How to complete this task -> From first line to last, output the records below exactly.

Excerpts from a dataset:
- - - - -

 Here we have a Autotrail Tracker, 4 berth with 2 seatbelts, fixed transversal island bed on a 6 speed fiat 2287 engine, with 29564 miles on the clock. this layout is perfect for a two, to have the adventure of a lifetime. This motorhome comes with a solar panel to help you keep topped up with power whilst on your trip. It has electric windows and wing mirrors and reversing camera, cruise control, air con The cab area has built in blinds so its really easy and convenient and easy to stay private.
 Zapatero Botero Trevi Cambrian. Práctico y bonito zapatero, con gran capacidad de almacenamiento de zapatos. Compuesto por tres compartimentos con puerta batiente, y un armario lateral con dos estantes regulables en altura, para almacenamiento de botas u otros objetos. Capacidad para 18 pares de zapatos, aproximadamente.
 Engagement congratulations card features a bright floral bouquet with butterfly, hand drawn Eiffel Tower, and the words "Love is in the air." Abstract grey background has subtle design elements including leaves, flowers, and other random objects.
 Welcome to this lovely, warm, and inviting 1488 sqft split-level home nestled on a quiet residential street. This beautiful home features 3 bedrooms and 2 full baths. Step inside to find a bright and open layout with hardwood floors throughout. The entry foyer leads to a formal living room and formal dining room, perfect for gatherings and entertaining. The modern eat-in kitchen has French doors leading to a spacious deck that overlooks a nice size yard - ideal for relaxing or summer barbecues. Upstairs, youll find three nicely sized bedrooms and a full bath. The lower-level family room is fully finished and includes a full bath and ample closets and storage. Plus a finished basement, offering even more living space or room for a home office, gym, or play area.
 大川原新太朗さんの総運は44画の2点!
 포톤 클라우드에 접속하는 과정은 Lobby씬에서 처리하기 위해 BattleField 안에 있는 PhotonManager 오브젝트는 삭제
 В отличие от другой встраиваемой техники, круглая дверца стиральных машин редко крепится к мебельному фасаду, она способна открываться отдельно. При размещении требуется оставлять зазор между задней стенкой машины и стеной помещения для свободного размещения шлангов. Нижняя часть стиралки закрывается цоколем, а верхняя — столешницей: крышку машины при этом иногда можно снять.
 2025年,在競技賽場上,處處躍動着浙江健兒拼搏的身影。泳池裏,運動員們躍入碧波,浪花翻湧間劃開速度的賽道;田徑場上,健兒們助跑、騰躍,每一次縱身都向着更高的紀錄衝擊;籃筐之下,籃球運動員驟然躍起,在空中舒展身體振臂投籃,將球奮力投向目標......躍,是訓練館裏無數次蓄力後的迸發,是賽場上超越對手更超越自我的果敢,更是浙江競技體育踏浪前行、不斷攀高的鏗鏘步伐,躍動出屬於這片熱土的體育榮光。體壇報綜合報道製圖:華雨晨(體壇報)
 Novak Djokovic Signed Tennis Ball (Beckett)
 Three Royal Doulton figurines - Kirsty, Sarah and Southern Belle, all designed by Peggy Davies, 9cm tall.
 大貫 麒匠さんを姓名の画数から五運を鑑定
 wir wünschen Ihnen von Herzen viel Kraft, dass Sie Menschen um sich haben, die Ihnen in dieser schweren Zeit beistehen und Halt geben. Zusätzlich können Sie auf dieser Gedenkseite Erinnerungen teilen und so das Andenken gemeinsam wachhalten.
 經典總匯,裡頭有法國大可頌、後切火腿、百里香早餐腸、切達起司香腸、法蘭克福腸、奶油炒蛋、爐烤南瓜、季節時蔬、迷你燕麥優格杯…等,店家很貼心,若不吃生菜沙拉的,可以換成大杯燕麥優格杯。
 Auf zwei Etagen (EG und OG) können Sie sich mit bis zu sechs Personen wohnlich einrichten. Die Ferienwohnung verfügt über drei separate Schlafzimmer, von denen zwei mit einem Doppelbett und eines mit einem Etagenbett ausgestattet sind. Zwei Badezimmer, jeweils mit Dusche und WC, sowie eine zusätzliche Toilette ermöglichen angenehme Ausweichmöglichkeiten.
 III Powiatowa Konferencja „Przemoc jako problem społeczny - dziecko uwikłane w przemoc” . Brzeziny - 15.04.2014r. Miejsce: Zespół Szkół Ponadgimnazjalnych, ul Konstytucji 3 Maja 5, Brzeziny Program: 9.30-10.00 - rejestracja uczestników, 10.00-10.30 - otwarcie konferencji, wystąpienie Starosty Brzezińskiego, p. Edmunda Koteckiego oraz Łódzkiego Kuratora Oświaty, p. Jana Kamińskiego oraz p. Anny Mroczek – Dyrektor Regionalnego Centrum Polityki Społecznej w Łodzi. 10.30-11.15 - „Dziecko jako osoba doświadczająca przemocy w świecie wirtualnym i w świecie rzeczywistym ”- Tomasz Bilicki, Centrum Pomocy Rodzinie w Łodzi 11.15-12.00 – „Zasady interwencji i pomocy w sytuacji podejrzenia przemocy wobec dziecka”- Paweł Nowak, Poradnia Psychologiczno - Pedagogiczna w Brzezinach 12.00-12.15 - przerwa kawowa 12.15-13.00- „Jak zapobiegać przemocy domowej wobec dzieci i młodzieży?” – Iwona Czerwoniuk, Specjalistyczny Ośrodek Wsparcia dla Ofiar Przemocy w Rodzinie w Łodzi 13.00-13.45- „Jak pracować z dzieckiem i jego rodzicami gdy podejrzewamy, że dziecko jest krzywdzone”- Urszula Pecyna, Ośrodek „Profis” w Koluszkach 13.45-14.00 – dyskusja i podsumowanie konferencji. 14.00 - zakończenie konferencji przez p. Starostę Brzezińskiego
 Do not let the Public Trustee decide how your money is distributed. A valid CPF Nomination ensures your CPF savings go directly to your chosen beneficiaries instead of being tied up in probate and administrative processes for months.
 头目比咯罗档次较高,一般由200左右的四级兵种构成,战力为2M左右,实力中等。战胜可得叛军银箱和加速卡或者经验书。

- - - - -

Solution for this task ->
 Here we have a Autotrail Tracker, 4 berth with 2 seatbelts, fixed transversal island bed on a 6 speed fiat 2287 engine, with 29564 miles on the clock. this layout is perfect for a two, to have the adventure of a lifetime. This motorhome comes with a solar panel to help you keep topped up with power whilst on your trip. It has electric windows and wing mirrors and reversing camera, cruise control, air con The cab area has built in blinds so its really easy and convenient and easy to stay private.
 Zapatero Botero Trevi Cambrian. Práctico y bonito zapatero, con gran capacidad de almacenamiento de zapatos. Compuesto por tres compartimentos con puerta batiente, y un armario lateral con dos estantes regulables en altura, para almacenamiento de botas u otros objetos. Capacidad para 18 pares de zapatos, aproximadamente.
 Engagement congratulations card features a bright floral bouquet with butterfly, hand drawn Eiffel Tower, and the words "Love is in the air." Abstract grey background has subtle design elements including leaves, flowers, and other random objects.
 Welcome to this lovely, warm, and inviting 1488 sqft split-level home nestled on a quiet residential street. This beautiful home features 3 bedrooms and 2 full baths. Step inside to find a bright and open layout with hardwood floors throughout. The entry foyer leads to a formal living room and formal dining room, perfect for gatherings and entertaining. The modern eat-in kitchen has French doors leading to a spacious deck that overlooks a nice size yard - ideal for relaxing or summer barbecues. Upstairs, youll find three nicely sized bedrooms and a full bath. The lower-level family room is fully finished and includes a full bath and ample closets and storage. Plus a finished basement, offering even more living space or room for a home office, gym, or play area.
 大川原新太朗さんの総運は44画の2点!
 포톤 클라우드에 접속하는 과정은 Lobby씬에서 처리하기 위해 BattleField 안에 있는 PhotonManager 오브젝트는 삭제
 В отличие от другой встраиваемой техники, круглая дверца стиральных машин редко крепится к мебельному фасаду, она способна открываться отдельно. При размещении требуется оставлять зазор между задней стенкой машины и стеной помещения для свободного размещения шлангов. Нижняя часть стиралки закрывается цоколем, а верхняя — столешницей: крышку машины при этом иногда можно снять.
 2025年,在競技賽場上,處處躍動着浙江健兒拼搏的身影。泳池裏,運動員們躍入碧波,浪花翻湧間劃開速度的賽道;田徑場上,健兒們助跑、騰躍,每一次縱身都向着更高的紀錄衝擊;籃筐之下,籃球運動員驟然躍起,在空中舒展身體振臂投籃,將球奮力投向目標......躍,是訓練館裏無數次蓄力後的迸發,是賽場上超越對手更超越自我的果敢,更是浙江競技體育踏浪前行、不斷攀高的鏗鏘步伐,躍動出屬於這片熱土的體育榮光。體壇報綜合報道製圖:華雨晨(體壇報)
 Novak Djokovic Signed Tennis Ball (Beckett)
 Three Royal Doulton figurines - Kirsty, Sarah and Southern Belle, all designed by Peggy Davies, 9cm tall.
 大貫 麒匠さんを姓名の画数から五運を鑑定
 wir wünschen Ihnen von Herzen viel Kraft, dass Sie Menschen um sich haben, die Ihnen in dieser schweren Zeit beistehen und Halt geben. Zusätzlich können Sie auf dieser Gedenkseite Erinnerungen teilen und so das Andenken gemeinsam wachhalten.
 經典總匯,裡頭有法國大可頌、後切火腿、百里香早餐腸、切達起司香腸、法蘭克福腸、奶油炒蛋、爐烤南瓜、季節時蔬、迷你燕麥優格杯…等,店家很貼心,若不吃生菜沙拉的,可以換成大杯燕麥優格杯。
 Auf zwei Etagen (EG und OG) können Sie sich mit bis zu sechs Personen wohnlich einrichten. Die Ferienwohnung verfügt über drei separate Schlafzimmer, von denen zwei mit einem Doppelbett und eines mit einem Etagenbett ausgestattet sind. Zwei Badezimmer, jeweils mit Dusche und WC, sowie eine zusätzliche Toilette ermöglichen angenehme Ausweichmöglichkeiten.
 III Powiatowa Konferencja „Przemoc jako problem społeczny - dziecko uwikłane w przemoc” . Brzeziny - 15.04.2014r. Miejsce: Zespół Szkół Ponadgimnazjalnych, ul Konstytucji 3 Maja 5, Brzeziny Program: 9.30-10.00 - rejestracja uczestników, 10.00-10.30 - otwarcie konferencji, wystąpienie Starosty Brzezińskiego, p. Edmunda Koteckiego oraz Łódzkiego Kuratora Oświaty, p. Jana Kamińskiego oraz p. Anny Mroczek – Dyrektor Regionalnego Centrum Polityki Społecznej w Łodzi. 10.30-11.15 - „Dziecko jako osoba doświadczająca przemocy w świecie wirtualnym i w świecie rzeczywistym ”- Tomasz Bilicki, Centrum Pomocy Rodzinie w Łodzi 11.15-12.00 – „Zasady interwencji i pomocy w sytuacji podejrzenia przemocy wobec dziecka”- Paweł Nowak, Poradnia Psychologiczno - Pedagogiczna w Brzezinach 12.00-12.15 - przerwa kawowa 12.15-13.00- „Jak zapobiegać przemocy domowej wobec dzieci i młodzieży?” – Iwona Czerwoniuk, Specjalistyczny Ośrodek Wsparcia dla Ofiar Przemocy w Rodzinie w Łodzi 13.00-13.45- „Jak pracować z dzieckiem i jego rodzicami gdy podejrzewamy, że dziecko jest krzywdzone”- Urszula Pecyna, Ośrodek „Profis” w Koluszkach 13.45-14.00 – dyskusja i podsumowanie konferencji. 14.00 - zakończenie konferencji przez p. Starostę Brzezińskiego
 Do not let the Public Trustee decide how your money is distributed. A valid CPF Nomination ensures your CPF savings go directly to your chosen beneficiaries instead of being tied up in probate and administrative processes for months.
 头目比咯罗档次较高,一般由200左右的四级兵种构成,战力为2M左右,实力中等。战胜可得叛军银箱和加速卡或者经验书。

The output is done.